Когда я наконец очень осторожно ткнул указательным пальцем в Розину выпуклость, то оказалось, что, вопреки моим прежним представлениям, женская грудь очень даже мягкая. Правда, мгновенный ответный удар кулаком по лбу оказался очень жестким и от дальнейшего исследования я воздержался.

Ограничился визуальным наблюдением.

Некоторые девчонки, не обзаведясь чем-то серьезным, обходились без лифчиков – у них на физкультуре через трико проступали соски, очень выразительные на вид. Они казались не гипсовыми, а вовсе железными, но трогать их не решался даже отморозок Дербак.

Грудь, конечно, не являлась единственным привлекательным местом. Тогдашняя мода на мини сделала юбки короче черных фартуков, оголяла ноги так, что то и дело показывалась плотная часть колготок – «трусики», которые соединялись с чулками.

Но таящееся там по-прежнему оставалось загадкой.

Распаленный ежедневными упражнениями, в школе я стал тискать взглядами одноклассниц.

С точки зрения шанса познать главную тайну – которую, как я понял позже, наиболее смелые узнавали в безбашенном возрасте – все оставались одинаково неприступными.

Будучи тихим и скромным, я никогда не стоял в рядах секс-символов.

Однако определенные романтические опыты, как ни странно, имел.

Возможно, они были обусловлены тем, что в нашей отвратительной со всех других точек зрения школе №9 все-таки не сильно порицалась дружба с девчонками. В любом возрасте и в любых проявлениях. Если в иных мальчишку, не презиравшего открыто одноклассниц, подвергали обструкции, то у нас такому грозило лишь прозвище «девчачий пастух» – необидное, порой даже уважительное.

В первом классе – уже не помню, почему – наша учительница Анна Афанасьевна посадила меня на последнюю парту, а в соседки определила Люду Потапову. Неразвитую, заторможенную будущую двоечницу с длинными толстыми темно-русыми косами.

У Люды было необоснованно выразительное лицо – не потому, что что-то выражало, а ошеломительное от отсутствия мысли – и огромные глаза. Стоит признать, что больше таких не видел ни разу в жизни, а за четверть века приработков в университете женских глаз я видел больше, чем достаточно.

Но, конечно, в первом классе меня привлекали не Людины глаза, а она сама. Ведь, как я уже говорил, в детский сад я не ходил и никогда не видел вблизи настоящую девочку. Поэтому Людой я был увлечен как новой сущностью в целом.

Я ей тоже чем-то нравился, мы по-детски увлеклись друг другом, даже признавались в любви.

До сих пор помню, как на чаепитии – «выпускном вечере» – по случаю окончания первого класса мы с Людой объявили себя женихом и невестой и даже целовались напоказ. Причем по-взрослому, в губы.

Глазастая Потапова, конечно, была пробково глупа и не дотягивала до моего уровня; во втором классе я пошел на повышение.

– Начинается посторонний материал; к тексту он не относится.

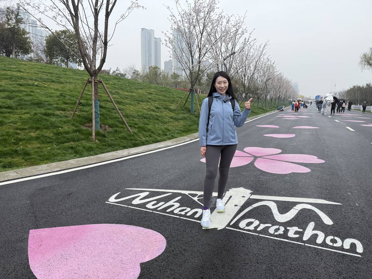 宋鹃在2026汉马青山江滩新终点樱花步道 (湖北日报全媒记者 倪娜 摄)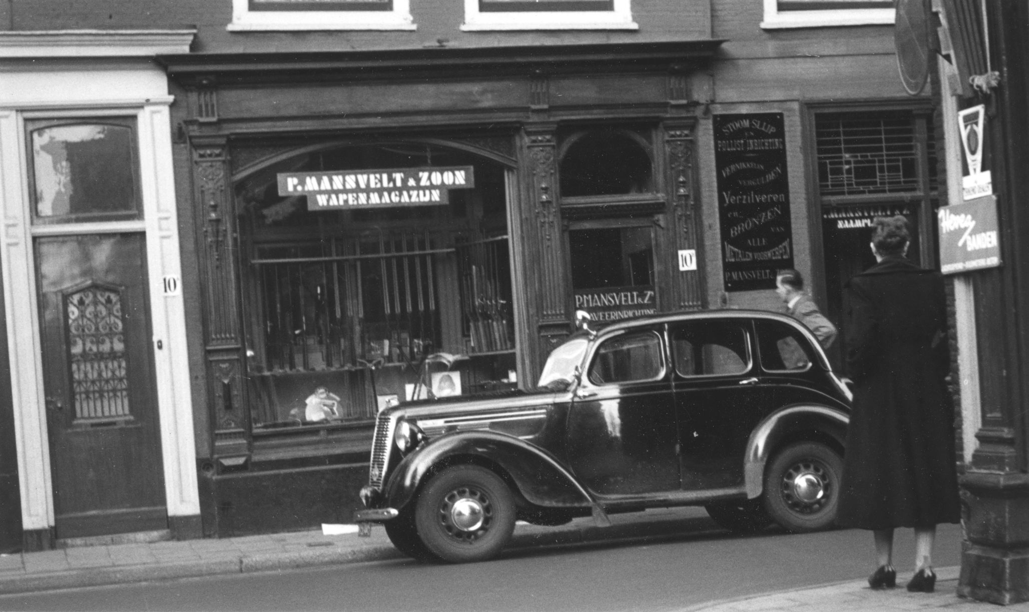 Vanuit de Hooistraat kijken we naar de winkel van Mansveld & Zoon in 1951.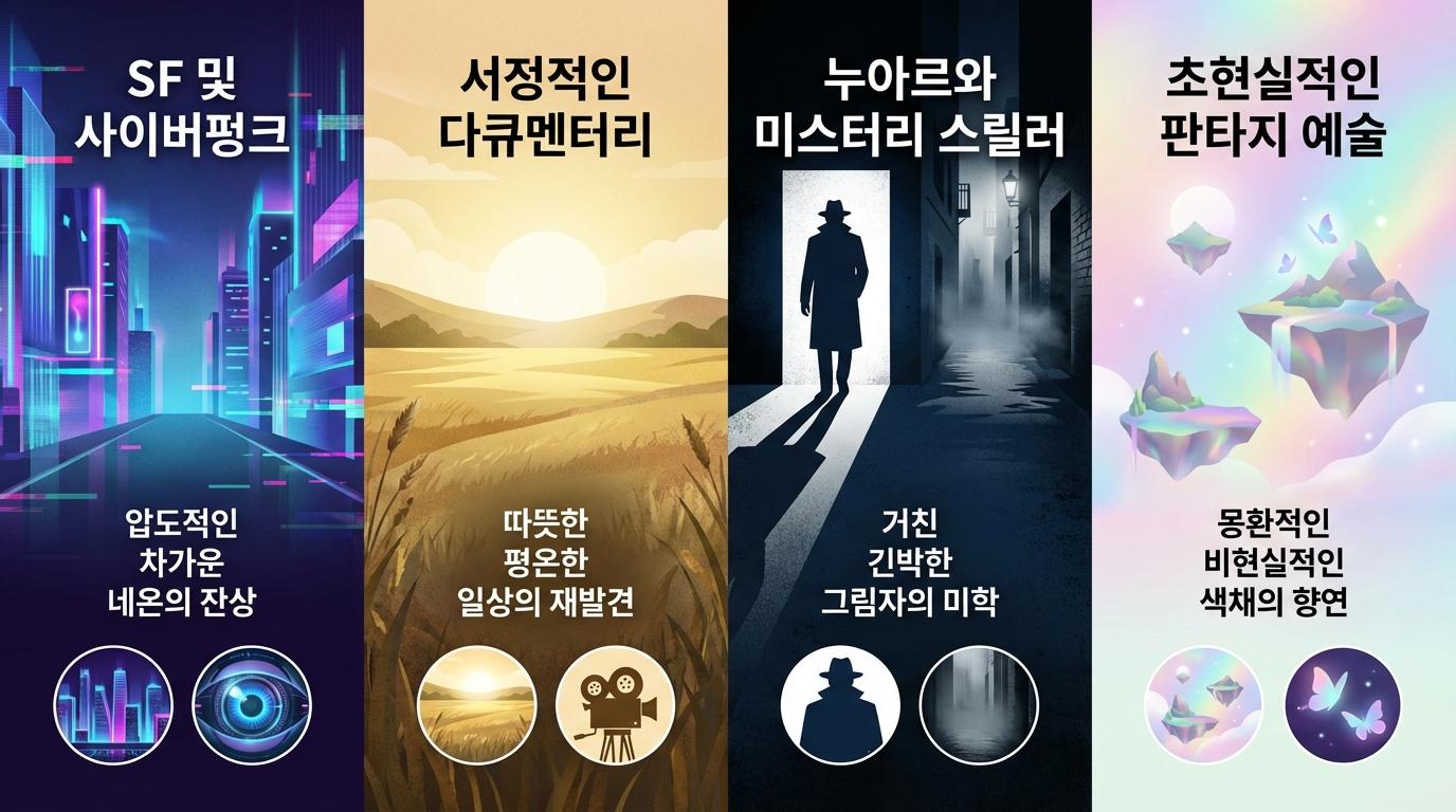 이론적인 이해를 넘어 실제로 AI라는 거대한 캔버스에 첫 붓질을 시작하려는 당신을 위해, 가장 극적인 효과를 낼 수 있는 장르별 핵심 프롬프트 구성안을 준비했습니다. 프롬프트는 단순히 명사의 나열이 아니라, AI에게 세계관을 주입하는 작업입니다. 아래의 템플릿들을 복사하여 당신의 상상력을 덧입혀 보시기 바랍니다. 문장 사이의 쉼표 하나가 영상의 질감을 결정짓는 결정적인 이정표가 될 것입니다.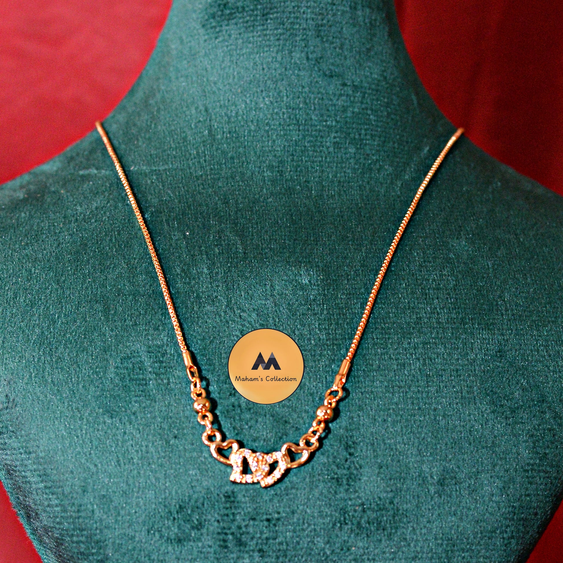 Celebrate love and connection with this stunning Rose Gold Toned Interlocking Hearts Necklace from Maham's Collection. This elegant piece captures the essence of romance, making it a perfect gift or a meaningful addition to your own jewelry box.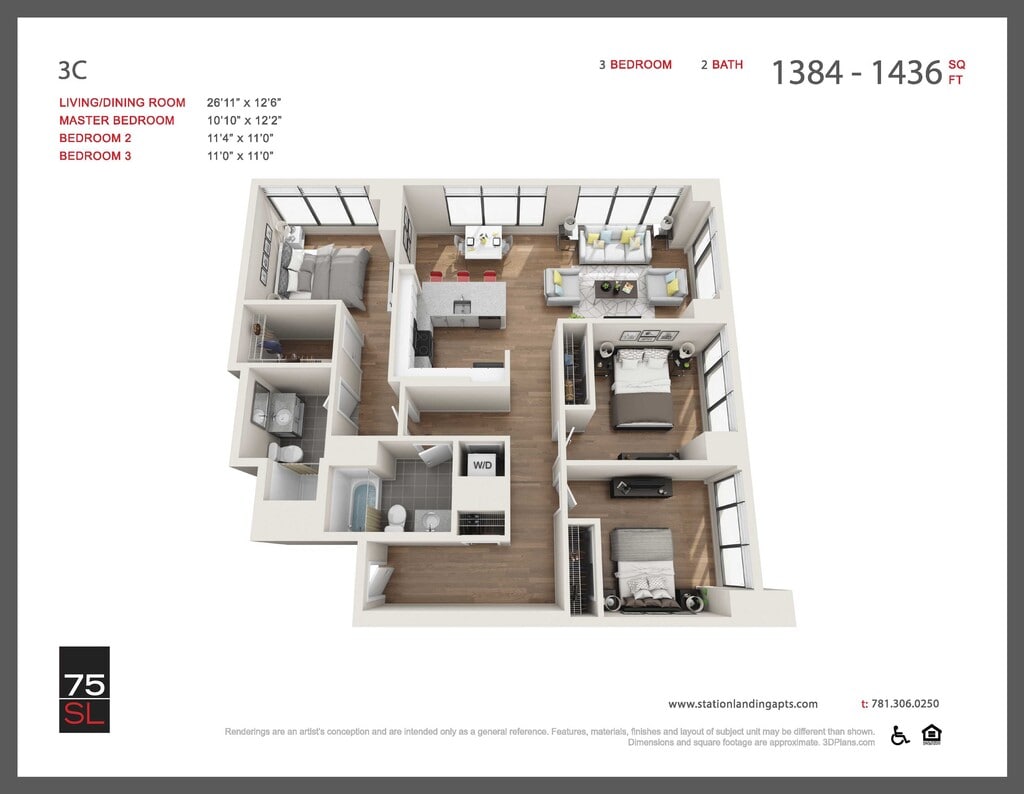 Station Landing Apartments offers Studio to 3 Bedroom apartments starting from $2,726 and having 559–1,431 sq ft. Here is the current pricing and availability: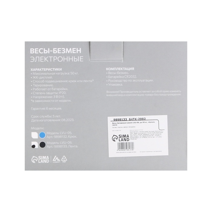 Весы багажные Luazon LV-404, до 40 кг, черные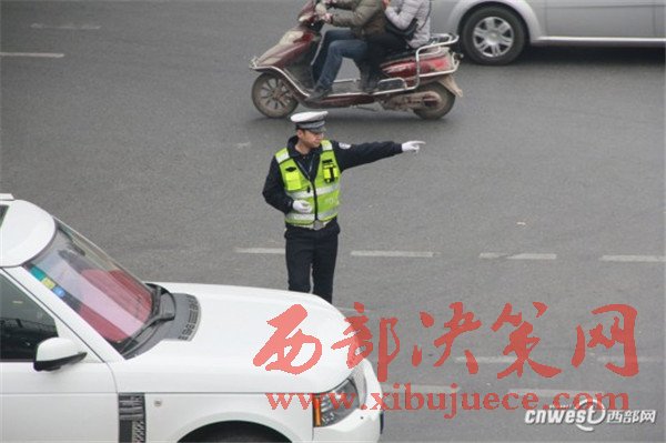 周日(20日)早高峰剛過,小寨十字上的交警正在示意由西向北行駛的車輛左轉。

Меня пересадили ближе к доске, на середину ряда. Соседкой по парте оказалась Света Капитанова.

 

Эта была умненькой, рыженькой, имела веселенькие веснушки, два тонких хвостика с бантиками и задорную челочку. Всем своим обликом она напоминала мартышку из мультфильма про 38 попугаев; в ней кипела сама жизнь.

Надо ли говорить, что Люду я забыл и влюбился в Свету.

Она ответила взаимностью, весь второй класс мы любили друг друга. Хотя с Капитановой не целовались: возраст уже начал диктовать приличия.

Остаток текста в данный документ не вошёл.